Families already living with the trauma of family murder must be central to new review – Safe Ireland and Kathleen Chada
Safe Ireland welcomed the news that the Minister for Justice and Equality Charlie Flanagan will today bring to Cabinet plans for an independent research study on supports to people whose relatives have been killed by a family member.
The national organisation working with 36 domestic violence services throughout the country said that the move is an acknowledgement that State agencies have to date failed families living with the trauma of family murder.
However, it emphasised that it is important that the review addresses the immediate needs of families who have already been affected in the proposed review.
Kathleen Chada, whose two sons were murdered by their father, joined Safe Ireland in its call to immediately centre-stage families already living with the life sentence of familicide.

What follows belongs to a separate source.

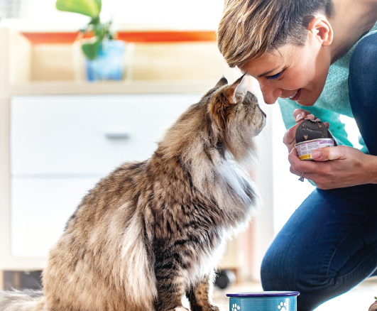5. Si el gato prefiere la comida húmeda, agregar agua al alimento seco y tritúrelo para humedecerlo.

“While we will support the study announced by the Minister, it just feels like a start and it should not delay supporting families at this point,” Kathleen Chada said. “At the end of the day we know statistically and historically that more women and children may be killed while this study is being conducted. And so we have to ask what more is going to be done in the immediate to prevent more women and children being killed and what will be done to respond to families now. This hopefully isn’t an announcement that is pushing out something that needs to be managed and dealt with immediately.”
Caitriona Gleeson, Programme and Communications Manager with Safe Ireland also welcomed that the study will examine ways to introduce reviews of domestic homicides in Ireland. Safe Ireland first called for such reviews in its report The Lawlessness of the Home published over five years ago.
“We welcome this review as the critical basis for the long awaited model of homicide reviews that we so desperately need in this country,” Gleeson said. “We have to get this right for the many families that have been left hanging without adequate supports, advice and counselling. We also have to do everything we can to prevent further murders of women and children. That is why it is vitally important that this study is also informed by expertise which understand coercive control and trauma. Safe Ireland looks forward to working with the legal expert in this regard.”
Finally, Safe Ireland welcomed the news that the review is also likely to examine the role of the media – both traditional, social and digital – in reporting on familicide cases. Safe Ireland is currently involved in a project that is analysing the way in which family murder cases have been reported.